Loading...

verticapy.vDataFrame.scatter#

vDataFrame.scatter(columns: str | list[str], by: str | None = None, size: str | None = None, cmap_col: str | None = None, max_cardinality: int = 6, cat_priority: None | bool | float | str | timedelta | datetime | list | ndarray = None, max_nb_points: int = 20000, dimensions: tuple = None, bbox: tuple | None = None, img: str | None = None, chart: PlottingBase | TableSample | Axes | mFigure | Highchart | Highstock | Figure | None = None, **style_kwargs) PlottingBase | TableSample | Axes | mFigure | Highchart | Highstock | Figure#

Draws the scatter plot of the input vDataColumns.

Parameters#

columns: SQLColumns

List of the vDataColumns names.

by: str, optional

Categorical vDataColumn used to label the data.

size: str

Numerical vDataColumn used to represent the Bubble size.

cmap_col: str, optional

Numerical column used to represent the color map.

max_cardinality: int, optional

Maximum number of distinct elements for ‘by’ to be used as categorical.
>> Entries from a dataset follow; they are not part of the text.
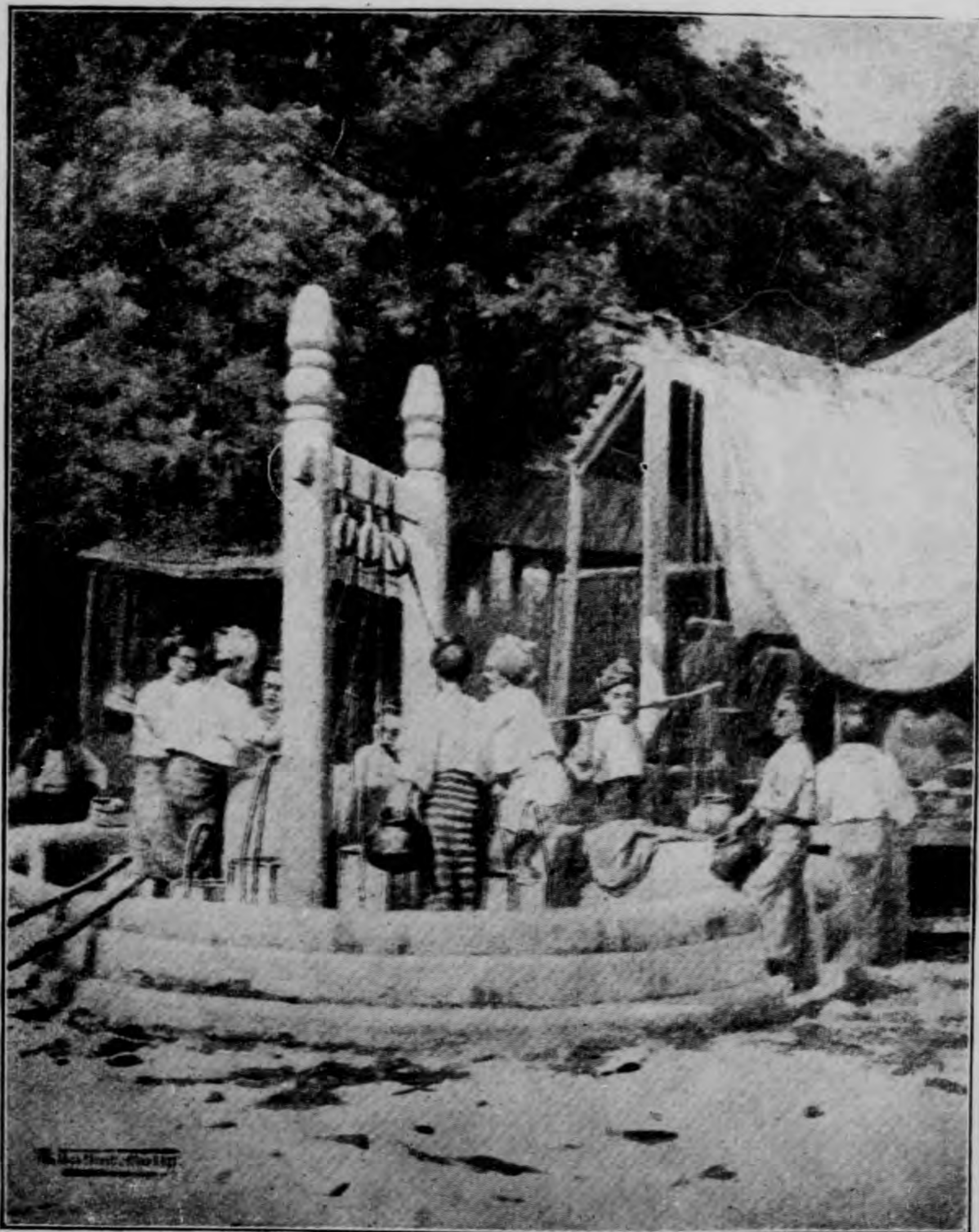
井 邊 的 遊 人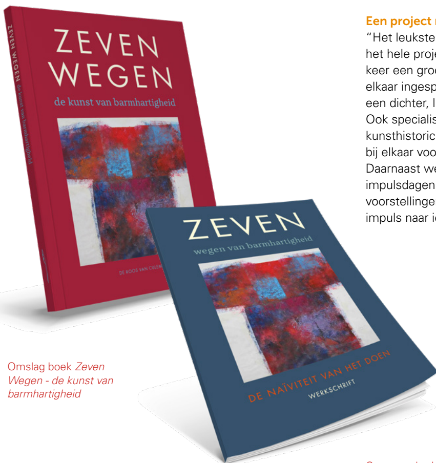
Omslag boek Zeven Wegen - de kunst van barmhartigheid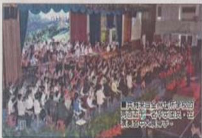
「百人華樂匯流演奏會」由育源中學主辦。

（本報山打根四日訊）山打根育源中學配合第十一屆沙巴華樂節，於今日下午二時成功舉辦「百人華樂匯流演奏會」，獲眾多市民踴躍參與，場面殊盛。

The less frequent elements are gathered together to create a new category: ‘Others’.

cat_priority: PythonScalar / ArrayLike, optional

ArrayLike list of the different categories to consider when labeling the data using the vDataColumn ‘by’. The other categories are filtered.
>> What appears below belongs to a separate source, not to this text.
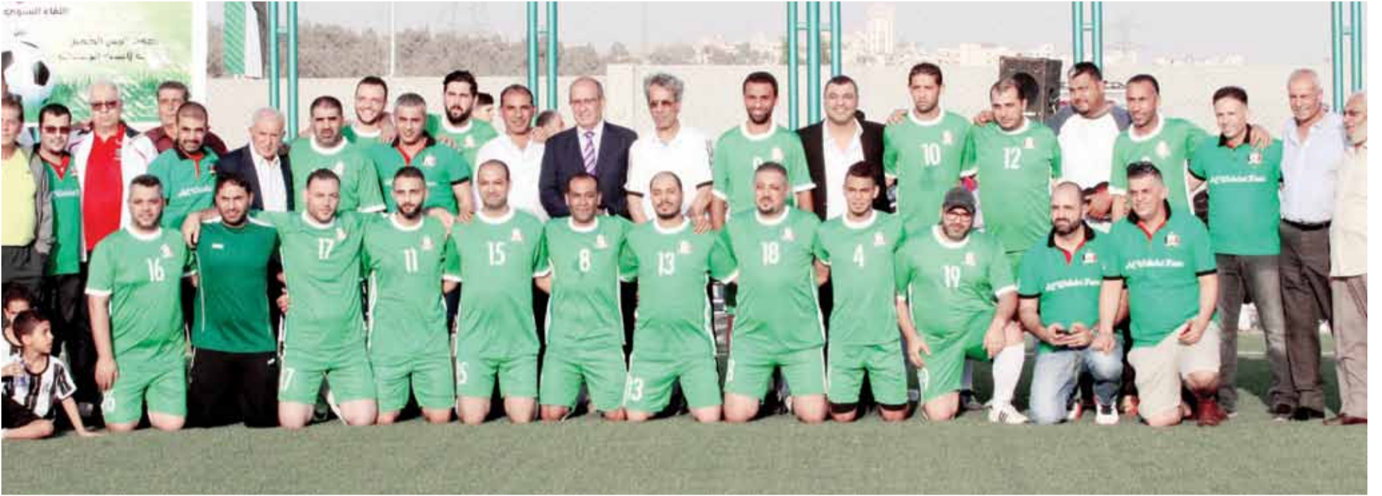
لقطة جامعة لرئيس و أعضاء مجلس الإدارة مع لاعبي رابطة مشجعي الوحدات بالإمارات وقدامى لاعبي النادي

max_nb_points: int, optional

Maximum number of points to display.

dimensions: tuple, optional

Tuple of two elements representing the IDs of the PCA’s components. If empty and the number of input columns is greater than 3, the first and second PCA are drawn.

bbox: list, optional

Tuple of 4 elements to delimit the boundaries of the final Plot. It must be similar the following list: [xmin, xmax, ymin, ymax]

img: str, optional

Path to the image to display as background.

chart: PlottingObject, optional

The chart object to plot on.

**style_kwargs

Any optional parameter to pass to the plotting functions.

Returns#

obj

Plotting Object.

Examples#

Note

The below example is a very basic one. For other more detailed examples and customization options, please see Scatter Plots

Let’s begin by importing VerticaPy.

import verticapy as vp

Let’s also import numpy to create a dataset.

import numpy as np

We can create a variable N to fix the size:

N = 30

Let’s generate a dataset using the following data.

data = vp.vDataFrame(
    {
        "category": [np.random.choice(['A','B','C']) for _ in range(N)],
        "x": np.random.normal(5, 1, N),
        "y": np.random.normal(8, 1.5, N),
        "z": np.random.normal(10, 2, N),
    }
)

Below are examples of two types of scatter plots:

  • 2D

  • 3D

data.scatter(columns = ["x", "y"], by = "category")
data.scatter(columns = ["x", "y", "z"])

See also

vDataFrame.density() : Density Plot.
vDataFrame.outliers_plot() : Outliers Plot.